# 5 th wheel mover



## Seattlerick2 (Mar 21, 2014)

Hi folks,
the wife and I are soon to be retired and am exploring the idea of RVing it for the first time.  We are stuck between a 5 er or a motorhome,  at the moment a 36 foot 5er seems to be winning.  Problem is I am not very good at backing up,  (don't seem to have that trucker gene),  anyhow was wondering if anyone has had experience with a powrtouch or similar trailer mover.  

This forum is just wonderful for a newbie or even a wanna be newbie.  Thank you all for taking the time to share your knowledge.  

Thanks in advance..


----------



## krsmitty (Mar 24, 2014)

Is this something to back the RV up? Instead of using your TV?


----------



## krsmitty (Mar 24, 2014)

Went out and found a You tube for Powrtouch. 

Ummmh...not really sure these would really work on a larger rig like a 5th wheel. Mine is around 10,000 pounds (it is a smaller one). Plus 5th wheels do not have any type of front wheel. Then add mud, sand, dirt...unless you were to always have a hard surface camping site.


----------



## C Nash (Mar 24, 2014)

Welcome to the forum.   What type camping are you planning on doing.  I like the MH best for our style,  We move a lot.  If I was staying in one place or just few trips a 5th wheel was fine for us.  Have had both.  As far as backing with a little practice you will be a pro.


----------



## LEN (Mar 24, 2014)

if you do get the 5th wheel practice. Go out to the maul or any large parking area and set up cones or moms dish's a practice. Simulate trees and a parking area and play. One tip grab the wheel at the bottom with the thumbs pointed in to each other, that's the way the trailer 5ver will go when wheel is turned  to the thumb dirrection and awlays do it your way slowly.
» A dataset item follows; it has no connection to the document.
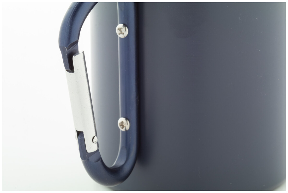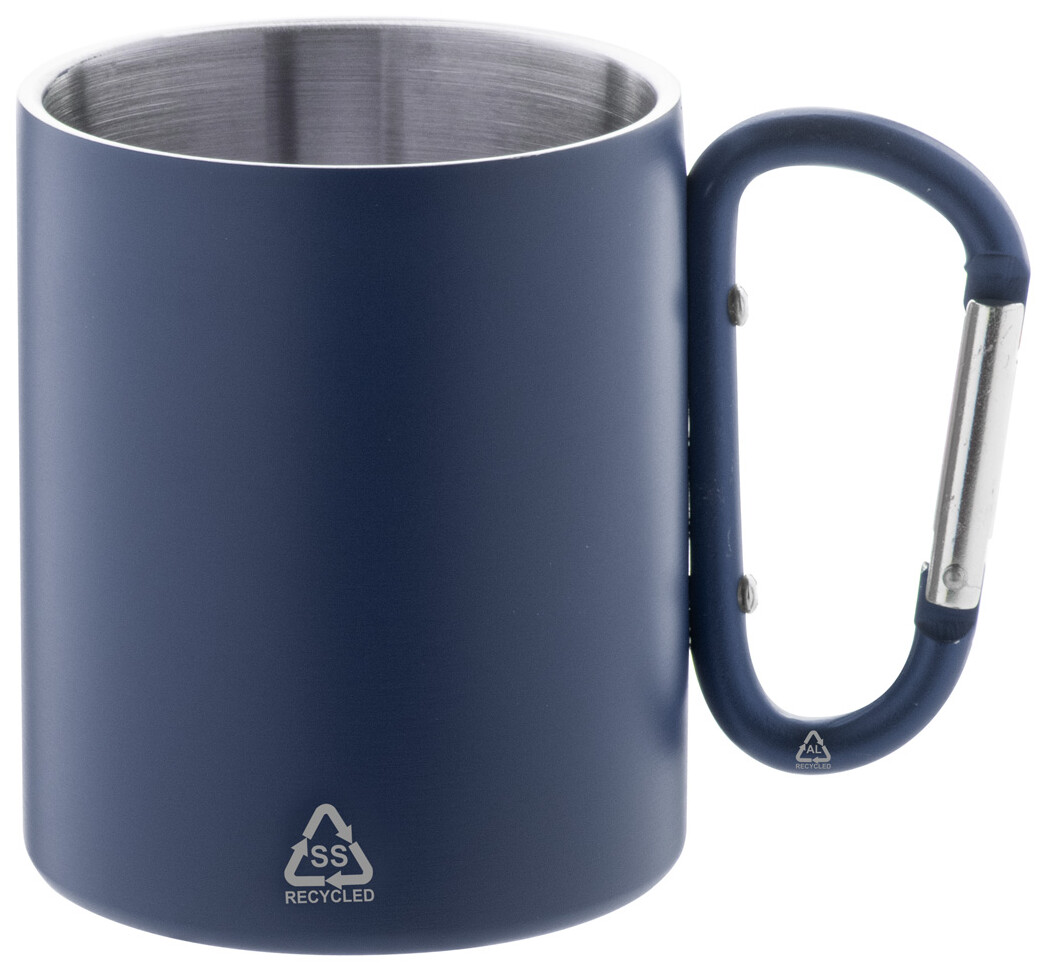 Dvoustěnný termo hrnek z recyklované nerezové oceli s karabinou z recyklovaného hliníku v odpovídající barvě. 300 ml. V kraftové papírové krabici.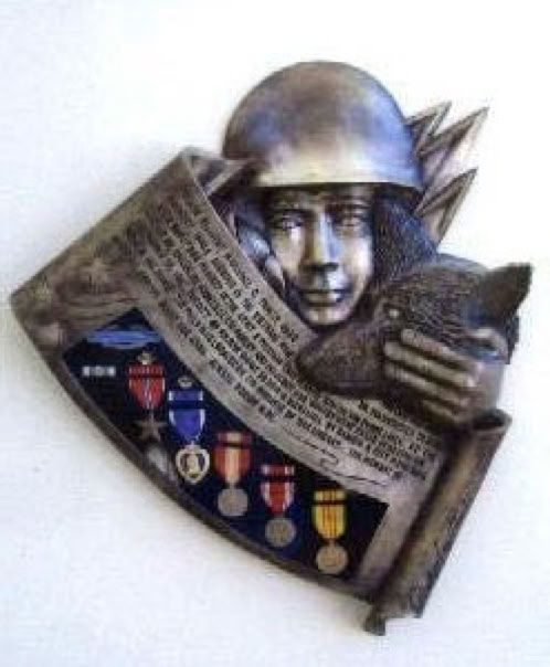Just inside the library there is a bronze relief featuring Marshall Colin Farley, his scout dog Bootsy, along with Marshall’s military decorations. The relief had been unveiled earlier in the year when the library was dedicated in February. Marshall’s brother, Michael and other family members, were on hand for the dedication.

If you must get out 10 times before hitting something.

LEN


----------



## akjimny (Mar 26, 2014)

SeattleRick2 - Welcome to the forum.  Like Nash says - what you should get depends on what type of camping you plan on doing.  Going to stay in one place for a long time - get a 5th wheel.  Going to be moving from place to place a bunch - a motorhome might be more to your liking.

But either way, you're going to have to learn to back up a rig.  Either you'll have a tow vehicle with the 5er or a toad (small vehicle "towed' behind the motorhome.  Like Len says - practice, practice, practice.  Find an empty mall parking lot and have at it.  Good luck with whatever you choose.  Post back if you have more questions.


----------



## rjf7g (Mar 26, 2014)

You can learn how to backup, you just need a teacher like my dad!  He drove an 18 wheeler for 40 years and after one lesson from him, I had the confidence and competence to back up trailers.  Prior to that, I used to call him to back my boat into my shed if it didn't go in the first time for me.

The longer the trailer, the easier it is to back up.  I would much rather back up my 26' boat trailer than my 8' utility trailer.  If you have tried to back up a short trailer, don't think that means you can't back up a long one.

It's a great idea to have a spotter but don't let them tell you which way to turn the wheel - you need to decide that.  The spotter can simply alert you when you are about to hit something and help you with distances.


----------